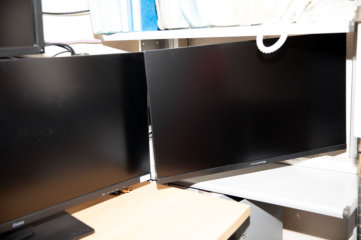 しかし今回は、モニターアームで吊りますので空中で自由な位置に固定ができ、綺麗な横並びにできています。モニター自体がすごく軽いので、安いモニターアームでも問題なく固定できています。
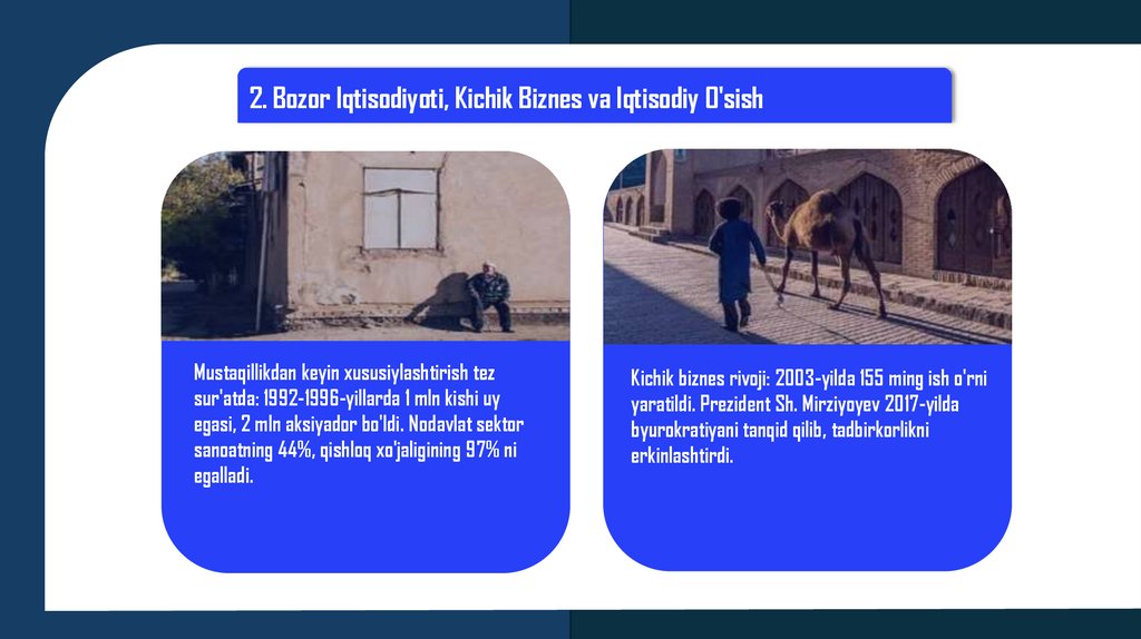 2. Bozor Iqtisodiyoti, Kichik Biznes va Iqtisodiy O'sishMustaqillikdan keyin xususiylashtirish tez
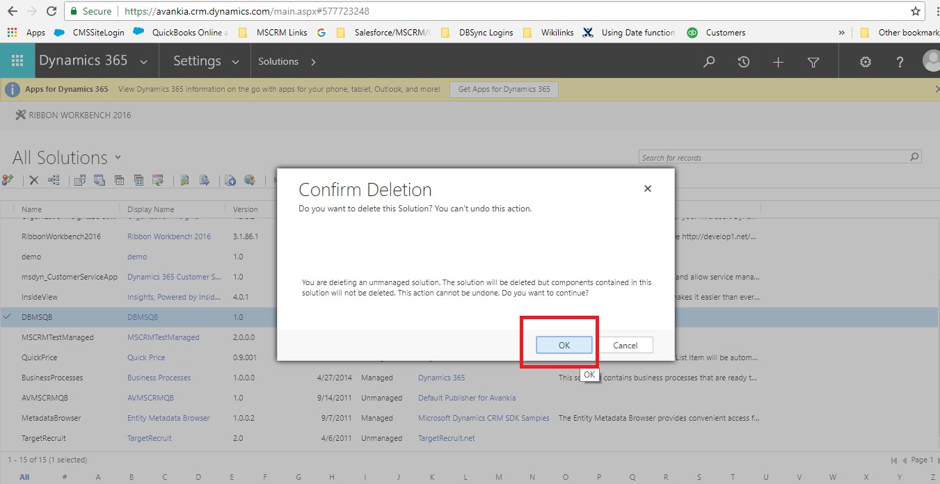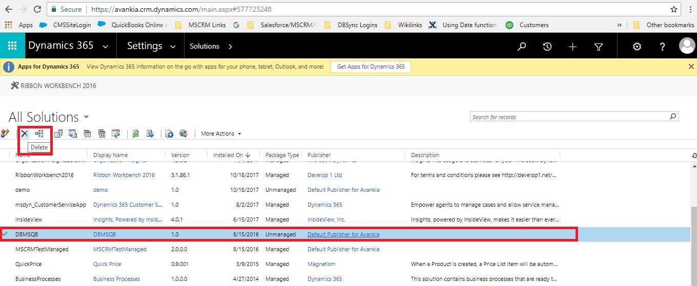 Use following procedures to uninstall the DBSync package from the Microsoft Dynamics CRM instance.
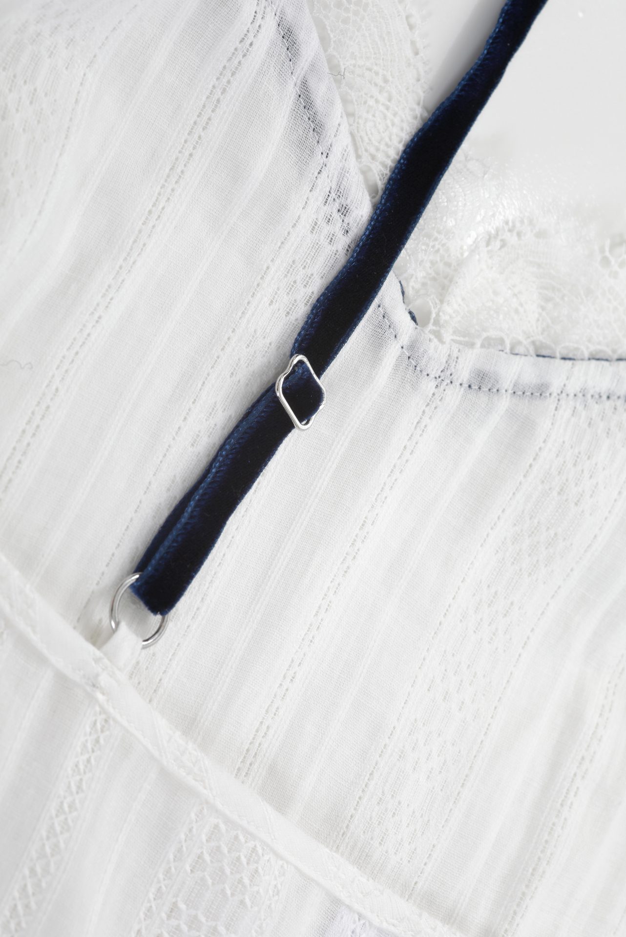 The V neckline with lace detail and the navy velvet adjustable straps, gives the top a beautiful shape.
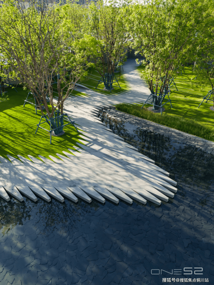 庄镇光深谙“自然高于装饰”的哲学,从唐诗宋词中萃取「雾影、晚枫、曲游」等 16 个主题庭院,如「晚枫」庭院以丛生枫树为主题树,两条滨州青玉带水景贯穿其间,再现「明月松间照,清泉石上流」的意境;「曲游」庭院铺就自由曲线步道,两侧丛生乌桕与元宝枫形成天然遮阳伞,铜质跑道标识在傍晚泛着暖金色,恰似「把夕阳裁成了铺路石」......

+ + + + +

- About this exercise -
None of the pictures should appear, though every line of the data above must be reproduced exactly.

- Your solution -
 しかし今回は、モニターアームで吊りますので空中で自由な位置に固定ができ、綺麗な横並びにできています。モニター自体がすごく軽いので、安いモニターアームでも問題なく固定できています。
 2. Bozor Iqtisodiyoti, Kichik Biznes va Iqtisodiy O'sishMustaqillikdan keyin xususiylashtirish tez
 Use following procedures to uninstall the DBSync package from the Microsoft Dynamics CRM instance.
 The V neckline with lace detail and the navy velvet adjustable straps, gives the top a beautiful shape.
 庄镇光深谙“自然高于装饰”的哲学,从唐诗宋词中萃取「雾影、晚枫、曲游」等 16 个主题庭院,如「晚枫」庭院以丛生枫树为主题树,两条滨州青玉带水景贯穿其间,再现「明月松间照,清泉石上流」的意境;「曲游」庭院铺就自由曲线步道,两侧丛生乌桕与元宝枫形成天然遮阳伞,铜质跑道标识在傍晚泛着暖金色,恰似「把夕阳裁成了铺路石」......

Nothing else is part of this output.